The Bureau of Land Management said it was canceling leases in the Thompson Divide — an area southwest of Aspen that has been the subject of aggressive lobbying by groups and municipalities that depend on the outdoor recreation industry.

The agency said it would apply new stipulations for other leases on forest land that are not currently producing oil or gas, and make minor or no adjustments to producing leases.

“Drilling in this area would have put the area’s ranching and tourism economies at risk,” said Pete Maysmith, executive director of Conservation Colorado.

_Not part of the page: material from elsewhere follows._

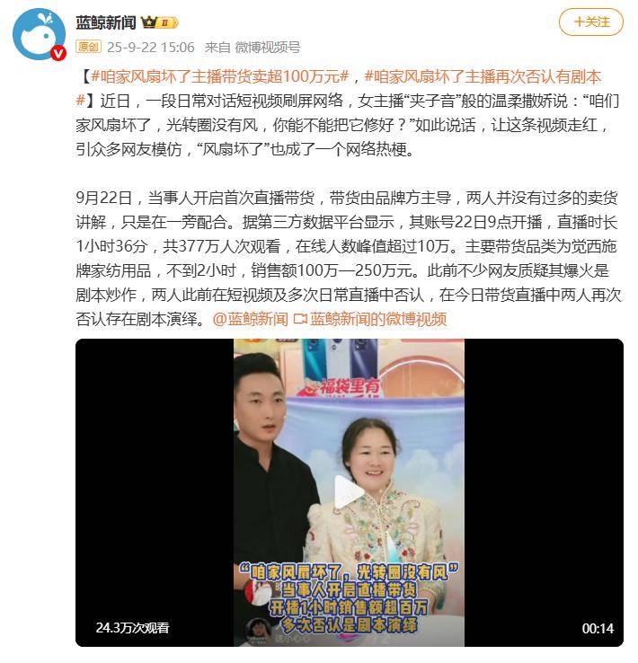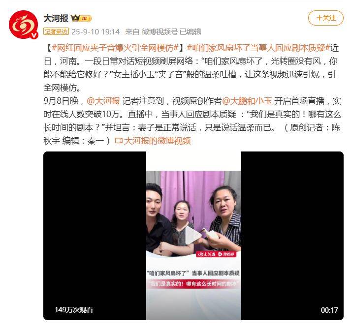 最近,一段关于博主大鹏和小玉的日常对话突然刷屏:“咱们家风扇坏了,光转圈没有风。”女主角小玉因声线极其细腻,被网友贴上“夹子音”标签,随即引发全网模
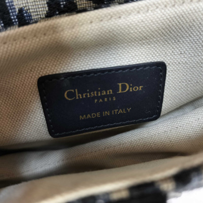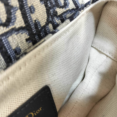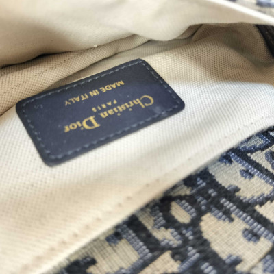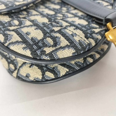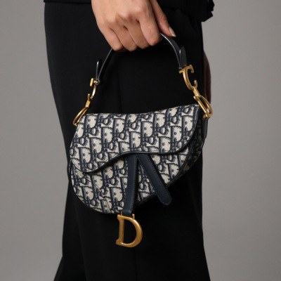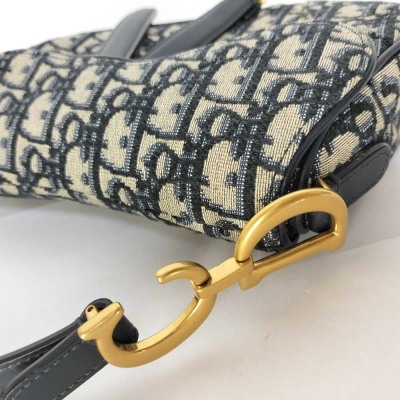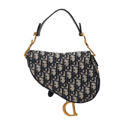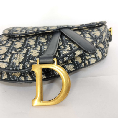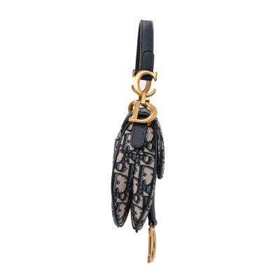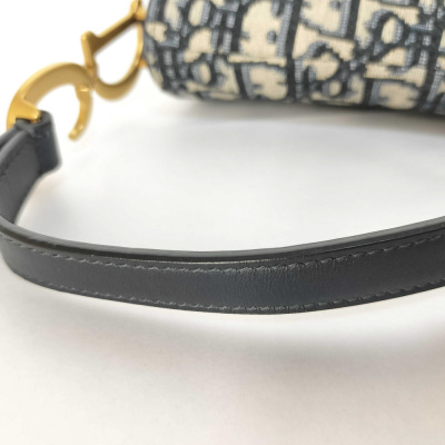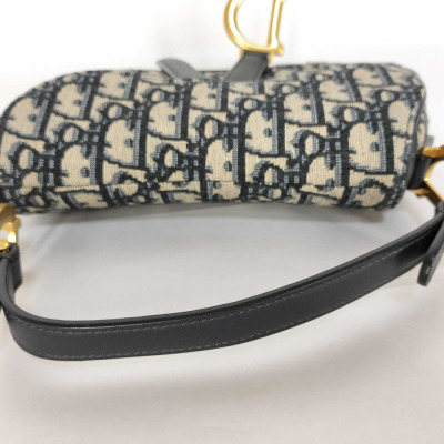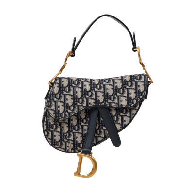 Christian Dior Mini Saddle Bag in navy blue Dior oblique canvas with navy leather trims (circa: 2020). Featuring antique gold-toned hardware, exterior rear pocket, leather handle with 'CD' signature logo. The 'D' stirrup strap with magnetic closure opens to a beige textile interior. Approximate dimensions: 18cm(L) x 14.5cm(H) x 5cm(D), handle drop 12cm. With Entrupy Certificate of Authenticity.

Energy firms recently had been pushing for another review of forest leases following a study that greatly increased the estimated abundance of natural gas in western Colorado, the Glenwood Springs Post Independent reported (http://bit.ly/2afZsBr ).

The bureau’s decision will be open for a 30-day public comment period starting Aug. 5.

Two years ago, the federal government made more than 90 percent of the 2.2-million-acre White River National Forest off-limits to energy exploration. Last year, White River Forest Supervisor Scott Fitzwilliams removed the Thompson Divide from new leasing for the next two decades.

The forest stretches from the Continental Divide to the western slope of Colorado’s Rocky Mountains and includes renowned ski resorts like Breckenridge, Vail and Aspen.

The agency conducted a study that led to Friday’s decision because the leases were issued either without formal adoption of a 1993 U.S. Forest Service environmental review or because the BLM didn’t do its own review in the first place.

While applauding the cancellations, some conservationists criticized the agency for not ruling out all leasing in the White River forest.

“Important fish and wildlife habitat will be affected by development of the other leases,” said Kate Zimmerman, public lands policy director for the National Wildlife Federation.